### Try it
Line by line, set down the records exactly as they appear below.

### Stored data
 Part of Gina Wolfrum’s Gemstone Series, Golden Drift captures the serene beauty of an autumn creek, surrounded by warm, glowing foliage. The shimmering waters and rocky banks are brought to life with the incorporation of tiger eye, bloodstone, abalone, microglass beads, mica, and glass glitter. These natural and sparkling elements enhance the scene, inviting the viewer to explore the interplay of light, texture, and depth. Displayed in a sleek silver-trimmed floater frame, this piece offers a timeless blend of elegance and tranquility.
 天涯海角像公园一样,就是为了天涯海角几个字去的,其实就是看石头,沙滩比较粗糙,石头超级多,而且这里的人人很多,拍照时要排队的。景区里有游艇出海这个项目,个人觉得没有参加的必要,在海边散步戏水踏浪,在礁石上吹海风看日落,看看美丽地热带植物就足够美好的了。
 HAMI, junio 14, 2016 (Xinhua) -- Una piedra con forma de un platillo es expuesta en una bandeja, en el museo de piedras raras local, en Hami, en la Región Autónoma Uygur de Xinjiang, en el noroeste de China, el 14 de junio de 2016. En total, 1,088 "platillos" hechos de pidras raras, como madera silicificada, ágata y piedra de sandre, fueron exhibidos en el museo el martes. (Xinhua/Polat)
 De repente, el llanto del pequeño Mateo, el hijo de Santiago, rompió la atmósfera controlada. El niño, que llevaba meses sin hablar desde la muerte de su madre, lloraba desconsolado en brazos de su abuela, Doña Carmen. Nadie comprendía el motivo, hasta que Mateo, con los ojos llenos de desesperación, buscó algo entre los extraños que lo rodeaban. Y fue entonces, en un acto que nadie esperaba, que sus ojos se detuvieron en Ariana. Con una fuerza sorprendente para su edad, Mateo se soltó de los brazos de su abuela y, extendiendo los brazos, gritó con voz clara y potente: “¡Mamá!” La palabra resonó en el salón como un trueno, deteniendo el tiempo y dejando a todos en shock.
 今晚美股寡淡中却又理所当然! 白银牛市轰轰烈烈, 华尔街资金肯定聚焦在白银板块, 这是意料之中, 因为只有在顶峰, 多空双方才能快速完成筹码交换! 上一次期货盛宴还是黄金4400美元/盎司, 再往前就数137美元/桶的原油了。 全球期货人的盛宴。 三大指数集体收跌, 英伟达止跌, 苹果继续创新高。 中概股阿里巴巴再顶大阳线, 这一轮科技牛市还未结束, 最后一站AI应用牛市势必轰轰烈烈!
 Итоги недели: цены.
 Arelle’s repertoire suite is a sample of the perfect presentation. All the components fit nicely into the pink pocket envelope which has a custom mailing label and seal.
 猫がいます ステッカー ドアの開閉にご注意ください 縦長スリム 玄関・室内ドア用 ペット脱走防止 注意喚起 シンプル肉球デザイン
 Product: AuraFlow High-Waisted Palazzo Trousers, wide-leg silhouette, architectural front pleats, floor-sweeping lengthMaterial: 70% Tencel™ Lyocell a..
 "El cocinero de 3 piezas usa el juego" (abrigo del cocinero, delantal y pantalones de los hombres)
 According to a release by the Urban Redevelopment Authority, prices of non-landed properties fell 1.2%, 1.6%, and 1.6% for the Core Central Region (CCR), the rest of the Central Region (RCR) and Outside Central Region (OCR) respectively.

### Reply
 Part of Gina Wolfrum’s Gemstone Series, Golden Drift captures the serene beauty of an autumn creek, surrounded by warm, glowing foliage. The shimmering waters and rocky banks are brought to life with the incorporation of tiger eye, bloodstone, abalone, microglass beads, mica, and glass glitter. These natural and sparkling elements enhance the scene, inviting the viewer to explore the interplay of light, texture, and depth. Displayed in a sleek silver-trimmed floater frame, this piece offers a timeless blend of elegance and tranquility.
 天涯海角像公园一样,就是为了天涯海角几个字去的,其实就是看石头,沙滩比较粗糙,石头超级多,而且这里的人人很多,拍照时要排队的。景区里有游艇出海这个项目,个人觉得没有参加的必要,在海边散步戏水踏浪,在礁石上吹海风看日落,看看美丽地热带植物就足够美好的了。
 HAMI, junio 14, 2016 (Xinhua) -- Una piedra con forma de un platillo es expuesta en una bandeja, en el museo de piedras raras local, en Hami, en la Región Autónoma Uygur de Xinjiang, en el noroeste de China, el 14 de junio de 2016. En total, 1,088 "platillos" hechos de pidras raras, como madera silicificada, ágata y piedra de sandre, fueron exhibidos en el museo el martes. (Xinhua/Polat)
 De repente, el llanto del pequeño Mateo, el hijo de Santiago, rompió la atmósfera controlada. El niño, que llevaba meses sin hablar desde la muerte de su madre, lloraba desconsolado en brazos de su abuela, Doña Carmen. Nadie comprendía el motivo, hasta que Mateo, con los ojos llenos de desesperación, buscó algo entre los extraños que lo rodeaban. Y fue entonces, en un acto que nadie esperaba, que sus ojos se detuvieron en Ariana. Con una fuerza sorprendente para su edad, Mateo se soltó de los brazos de su abuela y, extendiendo los brazos, gritó con voz clara y potente: “¡Mamá!” La palabra resonó en el salón como un trueno, deteniendo el tiempo y dejando a todos en shock.
 今晚美股寡淡中却又理所当然! 白银牛市轰轰烈烈, 华尔街资金肯定聚焦在白银板块, 这是意料之中, 因为只有在顶峰, 多空双方才能快速完成筹码交换! 上一次期货盛宴还是黄金4400美元/盎司, 再往前就数137美元/桶的原油了。 全球期货人的盛宴。 三大指数集体收跌, 英伟达止跌, 苹果继续创新高。 中概股阿里巴巴再顶大阳线, 这一轮科技牛市还未结束, 最后一站AI应用牛市势必轰轰烈烈!
 Итоги недели: цены.
 Arelle’s repertoire suite is a sample of the perfect presentation. All the components fit nicely into the pink pocket envelope which has a custom mailing label and seal.
 猫がいます ステッカー ドアの開閉にご注意ください 縦長スリム 玄関・室内ドア用 ペット脱走防止 注意喚起 シンプル肉球デザイン
 Product: AuraFlow High-Waisted Palazzo Trousers, wide-leg silhouette, architectural front pleats, floor-sweeping lengthMaterial: 70% Tencel™ Lyocell a..
 "El cocinero de 3 piezas usa el juego" (abrigo del cocinero, delantal y pantalones de los hombres)
 According to a release by the Urban Redevelopment Authority, prices of non-landed properties fell 1.2%, 1.6%, and 1.6% for the Core Central Region (CCR), the rest of the Central Region (RCR) and Outside Central Region (OCR) respectively.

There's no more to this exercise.